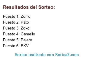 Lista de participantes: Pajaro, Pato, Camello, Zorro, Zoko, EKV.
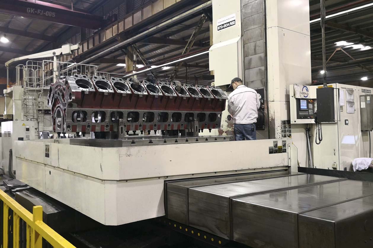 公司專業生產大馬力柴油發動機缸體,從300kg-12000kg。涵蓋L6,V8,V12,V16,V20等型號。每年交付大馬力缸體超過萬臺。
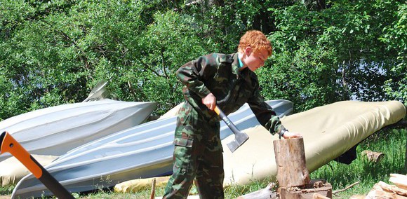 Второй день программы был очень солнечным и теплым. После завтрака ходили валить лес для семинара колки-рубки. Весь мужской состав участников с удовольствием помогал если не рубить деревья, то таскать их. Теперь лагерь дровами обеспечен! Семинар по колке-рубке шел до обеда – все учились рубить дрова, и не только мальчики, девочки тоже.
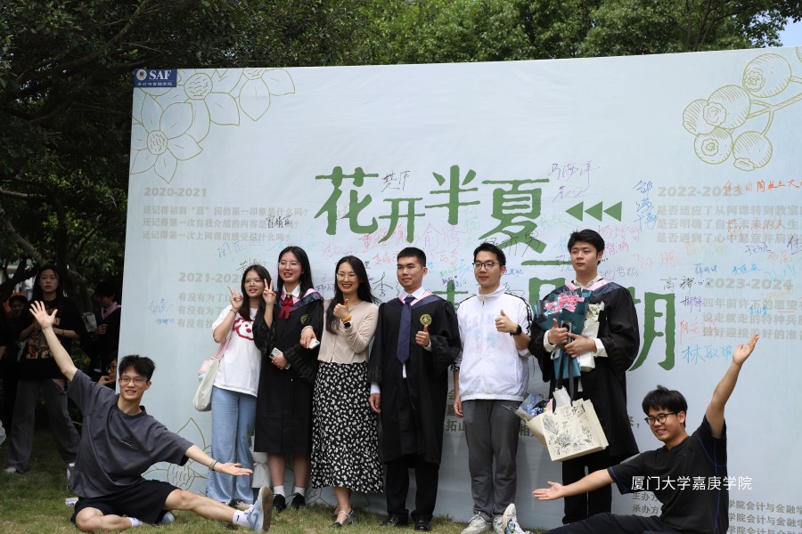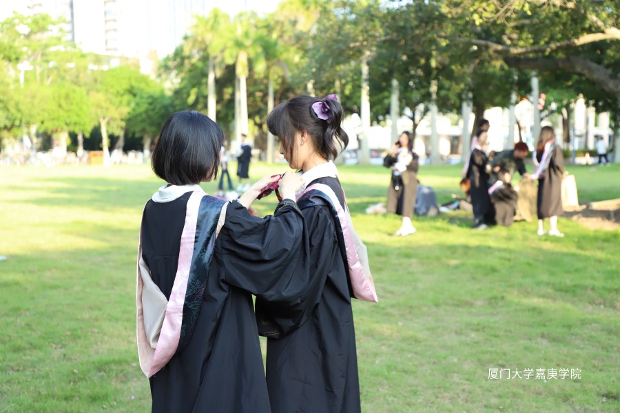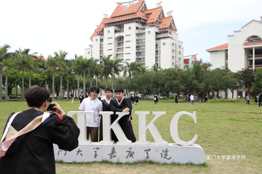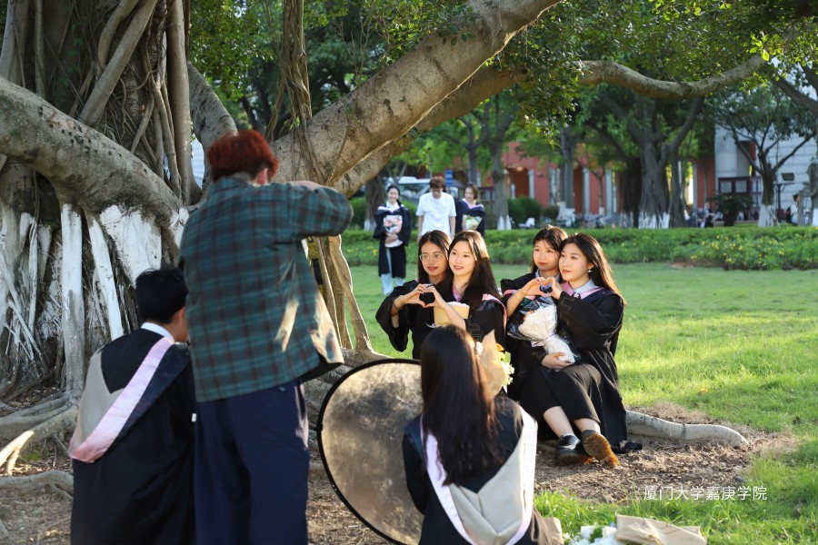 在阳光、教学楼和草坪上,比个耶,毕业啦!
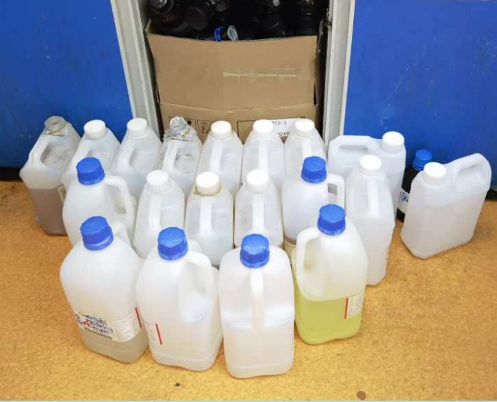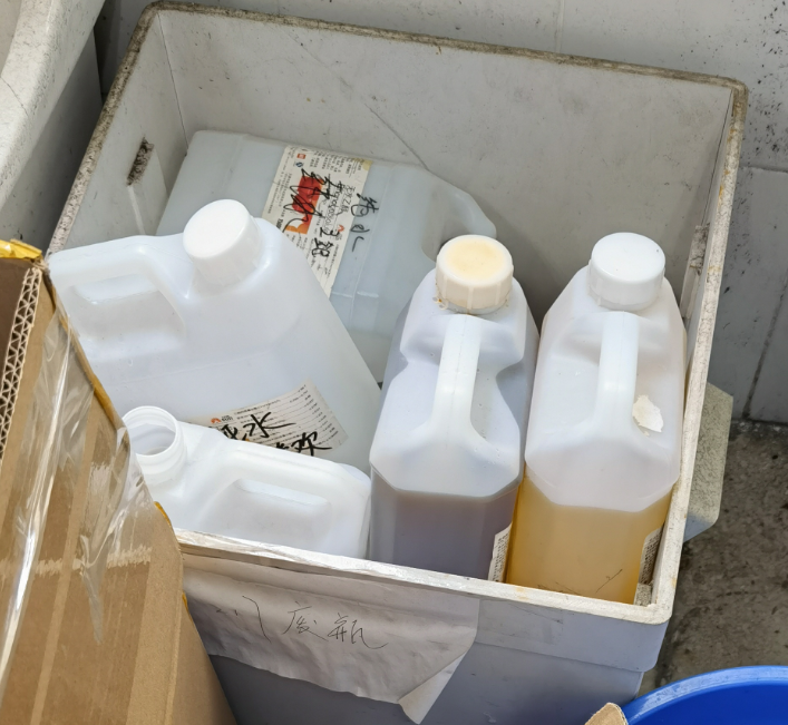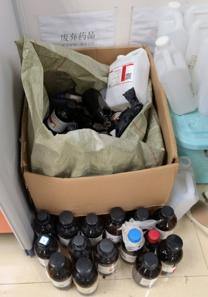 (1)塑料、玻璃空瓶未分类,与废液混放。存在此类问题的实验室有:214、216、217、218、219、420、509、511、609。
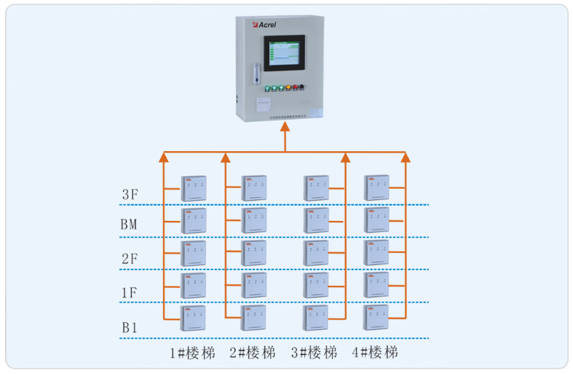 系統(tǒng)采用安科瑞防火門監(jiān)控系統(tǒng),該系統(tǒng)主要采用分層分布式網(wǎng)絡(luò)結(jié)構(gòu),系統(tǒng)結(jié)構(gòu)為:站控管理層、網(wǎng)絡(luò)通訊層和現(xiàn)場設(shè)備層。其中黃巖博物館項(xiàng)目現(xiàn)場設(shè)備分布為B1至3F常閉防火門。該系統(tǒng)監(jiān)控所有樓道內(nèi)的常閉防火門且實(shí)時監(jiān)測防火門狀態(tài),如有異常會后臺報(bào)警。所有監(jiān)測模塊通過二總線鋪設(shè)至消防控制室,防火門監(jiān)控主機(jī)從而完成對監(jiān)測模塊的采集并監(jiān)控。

········

* Your instructions
From the listing above, print every entry precisely and drop the pictures.

* The completed task
 Lista de participantes: Pajaro, Pato, Camello, Zorro, Zoko, EKV.
 公司專業生產大馬力柴油發動機缸體,從300kg-12000kg。涵蓋L6,V8,V12,V16,V20等型號。每年交付大馬力缸體超過萬臺。
 Второй день программы был очень солнечным и теплым. После завтрака ходили валить лес для семинара колки-рубки. Весь мужской состав участников с удовольствием помогал если не рубить деревья, то таскать их. Теперь лагерь дровами обеспечен! Семинар по колке-рубке шел до обеда – все учились рубить дрова, и не только мальчики, девочки тоже.
 在阳光、教学楼和草坪上,比个耶,毕业啦!
 (1)塑料、玻璃空瓶未分类,与废液混放。存在此类问题的实验室有:214、216、217、218、219、420、509、511、609。
 系統(tǒng)采用安科瑞防火門監(jiān)控系統(tǒng),該系統(tǒng)主要采用分層分布式網(wǎng)絡(luò)結(jié)構(gòu),系統(tǒng)結(jié)構(gòu)為:站控管理層、網(wǎng)絡(luò)通訊層和現(xiàn)場設(shè)備層。其中黃巖博物館項(xiàng)目現(xiàn)場設(shè)備分布為B1至3F常閉防火門。該系統(tǒng)監(jiān)控所有樓道內(nèi)的常閉防火門且實(shí)時監(jiān)測防火門狀態(tài),如有異常會后臺報(bào)警。所有監(jiān)測模塊通過二總線鋪設(shè)至消防控制室,防火門監(jiān)控主機(jī)從而完成對監(jiān)測模塊的采集并監(jiān)控。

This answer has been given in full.